Hi all, help needed with an AWX 19.2.1 Kerberos issue that is driving me crazy. My setup is K8s (one master and 2 worker nodes) on 10.0.0.0/16 subnet and I have my domain controller on my internal network 192.168.5.0/24 (along with all my other servers Linux and Windows). AWX is setup to use metallb load balancer and have an IP on the 192.168.5.0 subnet. No issues connecting to the Web UI, and all my linux tests and playbooks works fine for linux servers residing on my internal network. For a while now I have been trying to get kerberos to work but I keep getting the following error when I try to do a win_ping to any of my windows servers (all residing on the 192.168.5.0/24 subnet):
Kerberos auth failure for principal @ with pexpect: Cannot find KDC for realm "" while getting initial credentials
All my containers inside the AWX pod have krb5.conf set to use my domain (UPPERCASE) and they also have my internal DNS servers in resolv.conf. From the containers I have no problems pinging servers on my internal network (192.168.0.0), and even using kinit @ works - I do get a kerberos ticket. However, when I try to run a win_ping from the web interface I get the error shown above.
The Execution Environment is v 0.4.0 (also tried with my own customized EE)
Other than the use of Metallb LB, and bringing in krb5.conf and a resolv.conf for DNS on my internal LAN - everything is pretty much standard.
Here is my krb5.conf file:
To opt out of the system crypto-policies configuration of krb5, remove the
symlink at /etc/krb5.conf.d/crypto-policies which will not be recreated.
I tried removing that line from the krb5.conf file - but still getting the same error running win_ping.
One additional piece of information - that probably doesn’t make any difference, in my kubernetes environment I use Cilium for the networking. Given that I do get a kerberos ticket using kinit from the AWX EE container - and that everything else I run in the environment works as expected, I don’t think the networking is the issue.
Not sure whether it helps but have a look at the following.
I had a similar issue in the past but that has to do with the K8s cluster failing to resolve DNS names. And the error also somewhat suggests that, AWX is unable to find the KDC for realm “DOMAIN”.
So I’d suggest you to check and ensure the K8s DNS is working fine and able to resolve FQDN.
The second thing would be to check the krb5.conf file of the worker nodes on which AWX containers run. Try running the kinit user@DOMAIN and see if it is successful or not.
And my frustration is growing - having finally spent some time on this issue again. I have tried just about every suggestion, but still not getting this to work.
What I have done since I initially posted this - is to upgrade to AWX 19.5.0. I have played around with the krb5.conf settings based on many of the comments I have received - but I am still getting the same error when I try to run a win_ping (either thru Run Command or a playbook) on my domain joined windows servers.
The error is still:
Kerberos auth failure for principal @ with pexpect: Cannot find KDC for realm "" while getting initial credentials
What does work is if I go into the EE pod and run a kinit to get a kerberos ticket with the same user I use in the GUI. And then run “ansible <server.DOMAIN> -m win_ping -i ” - I get a successful results. But running the same thing thru the Web interface - I get the error above.
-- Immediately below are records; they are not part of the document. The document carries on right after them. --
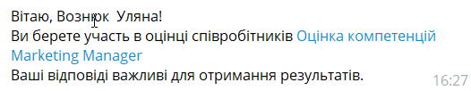 Повідомлення користувачеві про участь в оцінці. Сповіщення надсилається, коли користувачеві призначається анкета для оцінки.
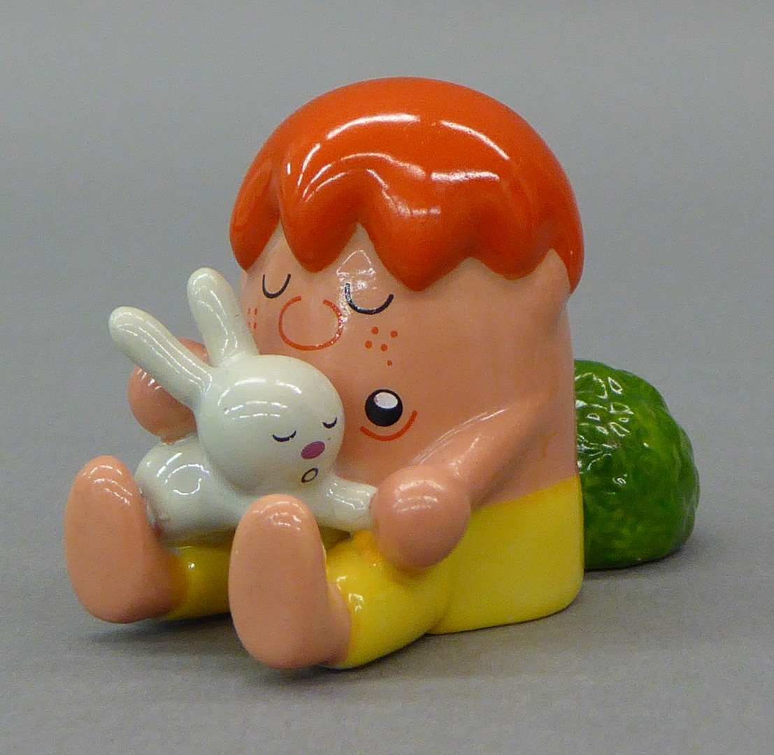 Zittende figuur 'Giovannino Pisolino' met konijn op schoot
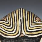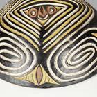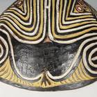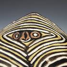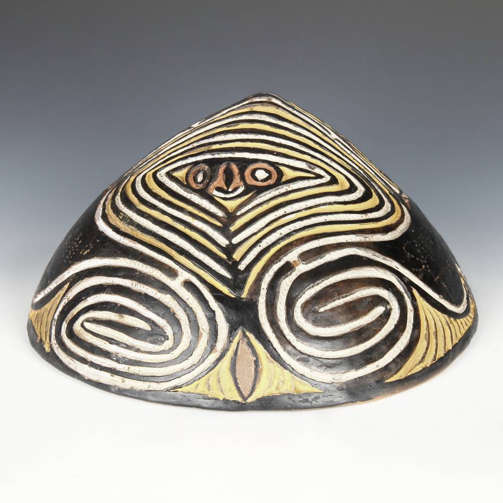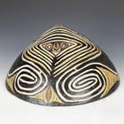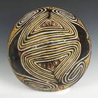 These food bowls, called kamana, originate from the Sawos people in East Sepik Province, Papua New Guinea. Women construct and fire the vessels while men decorate them using chip-carving techniques and natural pigment paints. Despite their elaborate decorations, the bowls are used for everyday meals, propped up by a circular ring of plaited cane. When not in use, they are kept inverted so their designs can be appreciated.
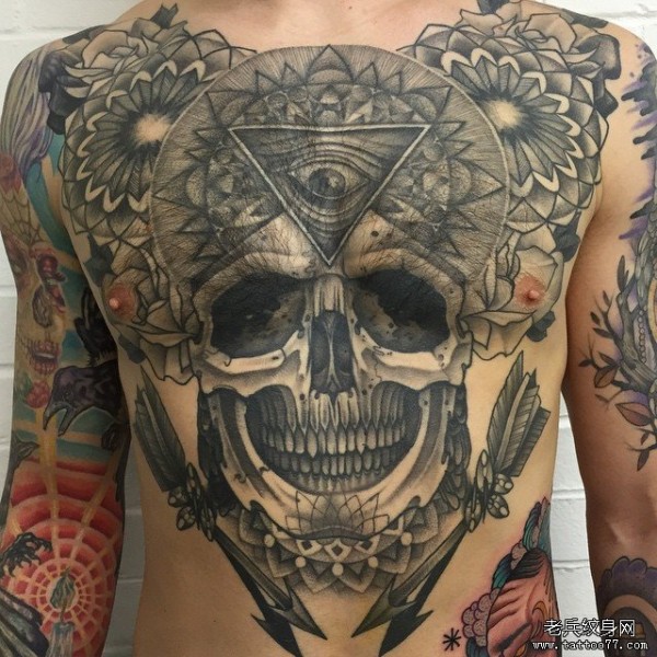胸部骷髅上帝之眼纹身图案

Given the success running it from the actual EE pod - tells me DNS is working, and there are no firewalls blocking anything.
Bottom line - I have no clue why this does not work using the Web interface.
Would be greatly appreciated if anyone have any suggestions, or ideas as on how to resolve this.
As I mentioned - running KINIT and win_ping in the EE pod works like a charm. And I look at my domain controller and see the events I expect to see in the event logs. However, trying to run win_ping from the UI - I see nothing logged in event viewer on the domain controller, not even errors.
My question is - what is the difference between the EE pod, and the temp pod that awx spins up on execution from the UI? Shouldn’t the temp pod be the same as the EE pod, in regards to krb5.conf, resolv.conf, installed python modules etc etc?
I really have no idea what to try next. My old AWX install - version 17, running on Docker works just fine.
If anybody have any ideas, on commands to run, config settings etc - let me know where/how to run it
I am still having the same issue. From the EE pod I run a KINIT with my AD user, then I can run a successful ad-hoc command from there against a domain joined Windows server.
As soon as I use the Web interface - I get the same error as I have always gotten, it can’t find the KDC.
And again - I have an installation of AWX 17, where it works like a charm.
The only thing I can think is that your DNS name resolution within the pod is somehow broken. I suggest trying to use ping and dig/nslookup inside your pod.
I am not sure - but given that I can successfully connect using Kerberos from the EE pod, why would the configuration of temp pod spun up during execution be any different? Is there any way to configure AWX to use the actual EE pod that is running instead of spinning up a temporary pod? If so - how can I do that?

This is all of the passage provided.